The Genomics team at Google Health is excited to share our latest expansion to DeepVariant -
DeepTrio.
First released in 2017,
DeepVariant is an open source tool that enables researchers and clinicians to analyze an individual’s genome sequencing data and identify genetic variants, such as those that may cause disease. Our
continued work on DeepVariant has been recognized for its top-of-class accuracy. With DeepTrio, we have expanded DeepVariant to be able to consider the genetic variants in the sequence data of a mother-father-child trio.
Humans are
diploid organisms, carrying two copies of the human genome. Every individual inherits one copy of the genome from their mother, and the other from their father. Parental inheritance informs analysis of traits and diseases that follow
Mendelian inheritance.
DeepTrio learns to use the properties of Mendelian inheritance directly from sequencing data in order to more accurately identify genetic variants in cases when both parent and a child sample can be co-analyzed.

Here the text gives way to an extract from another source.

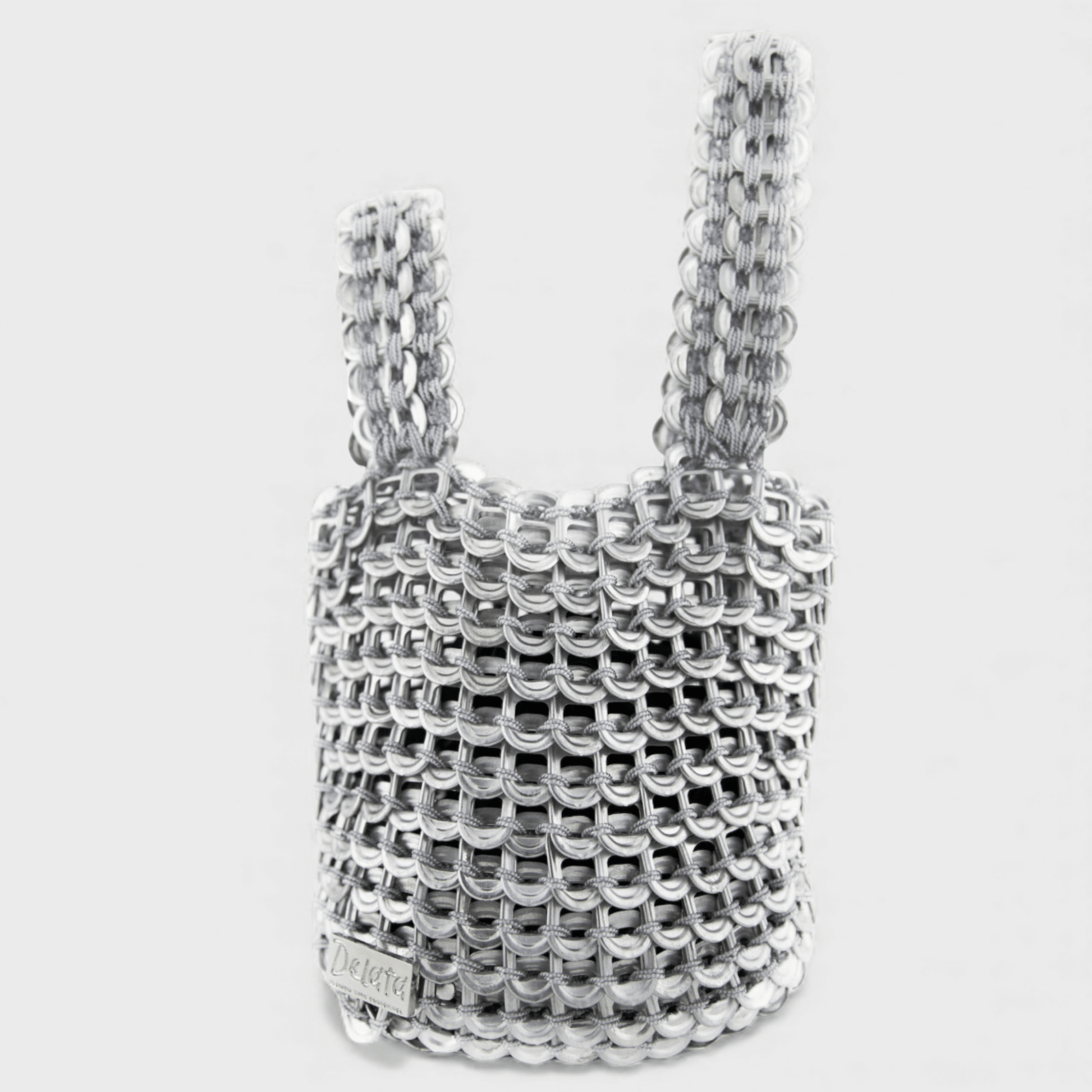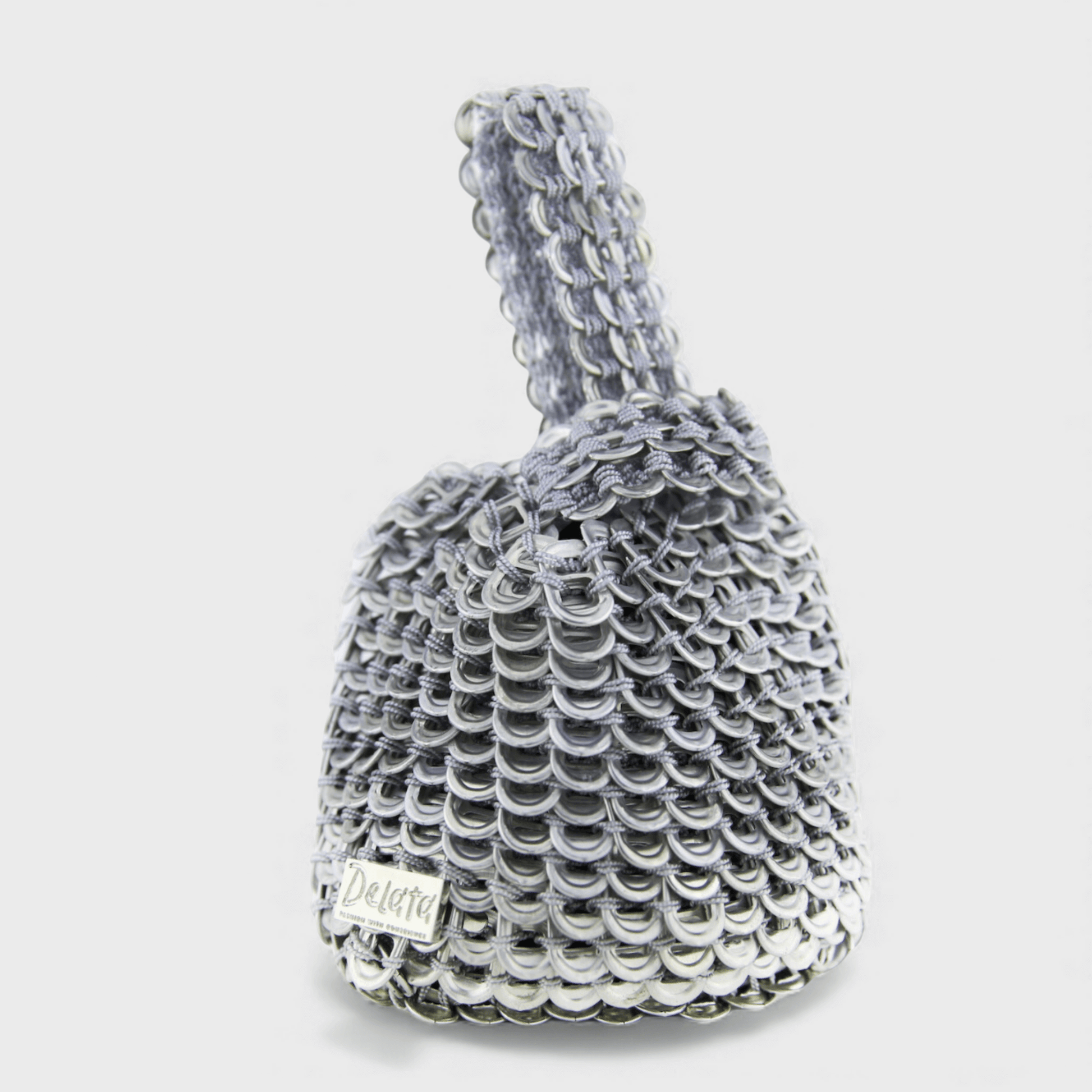 Its signature design features a short strap paired with a longer strap that loops through it, forming a single wrist strap that feels both secure and beautifully sculptural. Handcrafted from recycled aluminium pull tabs that are individually polished and crocheted by skilled artisan mothers in Colombia, it transforms sustainable materials into a smooth, luminous, wearable piece of art.

Modifying DeepVariant to analyze trio samples
DeepVariant learns to classify positions in a genome as reference or variant using representations of data similar to the “genome browser” which experts use in analysis. “
Improving the Accuracy of Genomic Analysis with DeepVariant 1.0” provides a good overview.
DeepVariant receives data as a window of the genome centered on a candidate variant which it is asked to classify as either reference (no variant), heterozygous (one copy of a variant) or homozygous (both copies are variant). DeepVariant sees the sequence evidence as channels representing features of the data (see: “
Looking through DeepVariant’s eyes” for a deeper explanation).

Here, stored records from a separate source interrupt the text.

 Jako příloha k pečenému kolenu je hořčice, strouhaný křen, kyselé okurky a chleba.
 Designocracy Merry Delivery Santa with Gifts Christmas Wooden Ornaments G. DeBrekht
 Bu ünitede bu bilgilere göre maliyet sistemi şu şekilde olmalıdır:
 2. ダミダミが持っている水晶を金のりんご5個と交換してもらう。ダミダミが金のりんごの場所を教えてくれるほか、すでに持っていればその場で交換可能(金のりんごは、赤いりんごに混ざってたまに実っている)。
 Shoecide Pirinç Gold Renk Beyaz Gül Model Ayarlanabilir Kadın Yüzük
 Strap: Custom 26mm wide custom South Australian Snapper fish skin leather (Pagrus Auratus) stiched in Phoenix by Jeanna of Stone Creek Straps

We modified DeepTrio to represent the sequence data from a trio in a single image, with a fixed height for each sample and the child in the middle. Using gold standard samples from NIST
Genome in a Bottle for truth labels, we train one model to call variants in the child and another to call variants in the top parent. To call both parents, we flip the position of the parent samples.
Figure 1. (top) An image of 4 of the channels that DeepTrio uses in classification (these, and 4 other channels are shown in a stack. (bottom) conceptual schematic of how trio files are used to create examples, which are then called by DeepTrio.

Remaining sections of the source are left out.